Now I have to go through the three possibilities for e: 4, 5, or 6.
If e is 4, then d must be at least 7 to make y greater than 0. However, since d cannot be 8 or 9, d would have to be 7, which would make y 1, which would conflict with m being 1, so e cannot be 4.
If e is 5, then d would still have to be 7 because otherwise it would cause a repeat of the previous scenario. If e is 5, d is 7, y is 2, and n is 6, which would give us 9567+1085=10652, which checks out mathematically. However, I should still check to make sure that e cannot be 6.
If e is 6, d would still have to be 7, because d being 6 would lead to both e and d being 6, which isn't allowed. 7+6 gives us 13, making y 3, which is allowed. However, if e is 6, then n would have to be 7, but d is already 7, so e cannot be 6. Thus e is 5, d is 7, n is 6, and y is 2.
Final solution: s=9, e=5, n=6, d=7, m=1, o=0, r=8, and y=2.

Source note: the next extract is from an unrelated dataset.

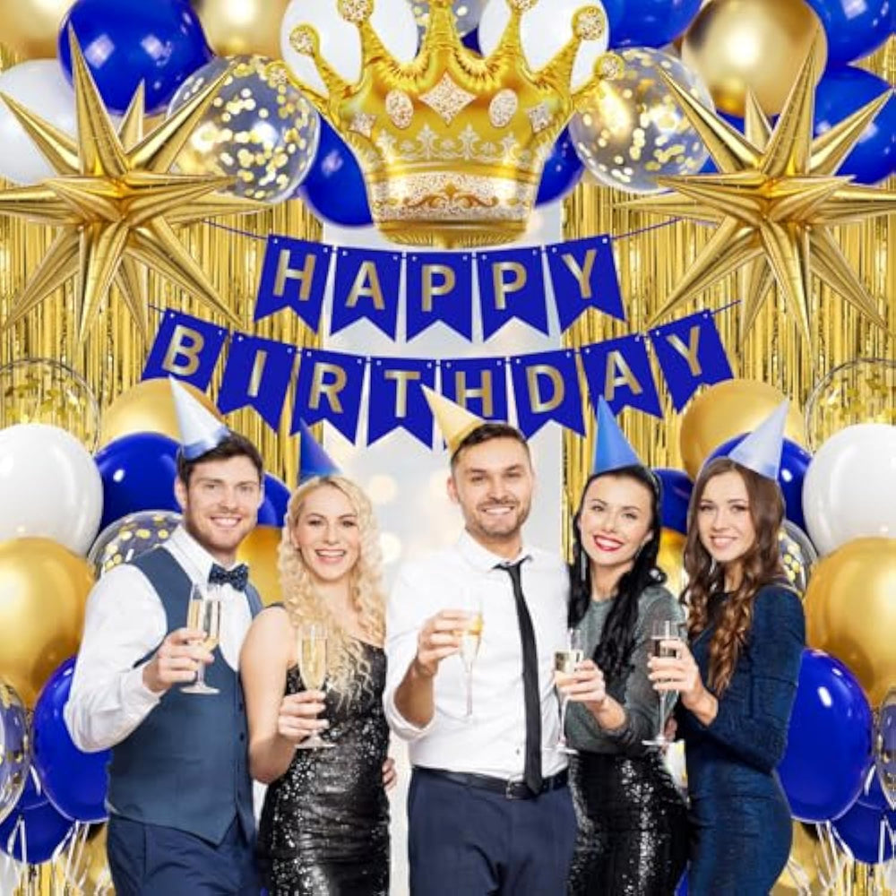 Package Included: The Blue Happy Birthday Decorations Kit Include 10Inch Royal Blue Balloons X15, 10Inch White Balloons X10, 10Inch Metallic Gold Balloons X10, 12Inch Gold Confetti Balloons X3, Happy Birthday Banner X1, Foil Balloons X3, Metallic Gold Fringe Curtains X1, Glue Dots X60, Blue Ribbonx1 | Full Birthday Decoration Set: The All-Inclusive Blue Birthday Decorations Kit Includes A Happy Birthday Banner, Fringe Curtains, And Balloons. Great For Creating A Backdrop Or Photo Booth For Celebrations | Easy To Use: The Blue And Gold Birthday Decorations Bring Charm To Your Party, Creating Unforgettable Memories. The Birthday Decorations For Men Includes Glue Dots And Ribbons For Easy Balloon Arch Setup. Hang Banners And Balloons On Walls, Windows, Or Any Indoor Or Outdoor Space You Like | Suitable Occasion: The Blue Gold And White Birthday Party Decorations Kit Is Great For Many Happy Birthday Decorations, That Include Blue Birthday Decorations For Men, Can Be Used As 16Th, 18Th, 21St, 25Th, 30Th, 40Th, 50Th, 60Th, 70Th Birthday Party Decorations | Warm Tips: If There Are Any Issue With The Men Birthday Decorations Set, We Will Work Hard To Solve Them Until You Are Satisfied |

It took me about 40mins to solve and it was such a blissful feeling when I finally found the solution. It was much less logically structured compared to your explanation but still ;) Thank you so much for sharing this

I used a slightly simpler thinking to work out the value of R: As it is clear that E+1 = N, we can only get back from N to E by subtracting 1, which means adding 9 in this modulo 10 system. As 9 is already the definite value of S, R can only be 8 with a carryover from the far right column.

One of the few exercises in this channel I solved by myself.

I started in the same way (numbering columns from right to left as 1 to 5) but continued with a different logical reasoning : M can only be equal to 1 and we must have carry over from column 4 (==> M=1, co4=1). As we require carry over from column 4, we can conclude that S can only be 8, with carry over from column 3 required, or 9, with no carry over from column 3 required and because O cannot be 1 as 1 is already assigned to M, O can only be 0 (==> M=1, co4=1, S=8/9, O=0). As we replace the O in column 3 with 0 as well, we can conclude that there must be a carry over from column 2 to have E N and we can temporarily set E = x, N = x+1 (==> M=1, co4=1, S=8/9, O=0, co2=1). We substitute E and N also with x and x+1 in columns 2 and 1. In column 2, because the last digit of x+1+R is x, we can decide that R can only be 8 if we have carry over from column 1, or 9 if we don’t have carry over from column 1 (==> M=1, cy4=1, S=8/9, O=0, R=8/9). A carry over in column 3 would only be possible if E were equal to 9 which is impossible because 9 is already assigned to S or R. As S can only be equal to 8 when we have a carry over from column 3, S must be equal to 9 and as a result R should be equal to 8 (==> M=1, cy4=1, S=9, O=0, R=8, co3=0). Because R is 8, we know that we need carry over from column 1 (==> M=1, cy4=1, S=9, O=0, R=8, co3=0, co1=1). To have carry over in column 1 while not using 8 or 9 for D nor for E and the last digit of their sum not resulting in 0 or 1 for Y, we need D and E to be between 5 and 7. Because E = x and N = x+1, we can conclude that E must be 5, that N must be 6 and that D must be 7 (E could not be 6 because that would mean that N would be 7 and D would be 5 resulting in the last digit of sum D+E equal to 1). With E = 5 and D = 7, we also solved the last letter Y with will be 2 (==> M=1, cy4=1, S=9, O=0, R=8, co3=0, co1=1, E=5, N=6, D=7, Y=2). This resolves the puzzle.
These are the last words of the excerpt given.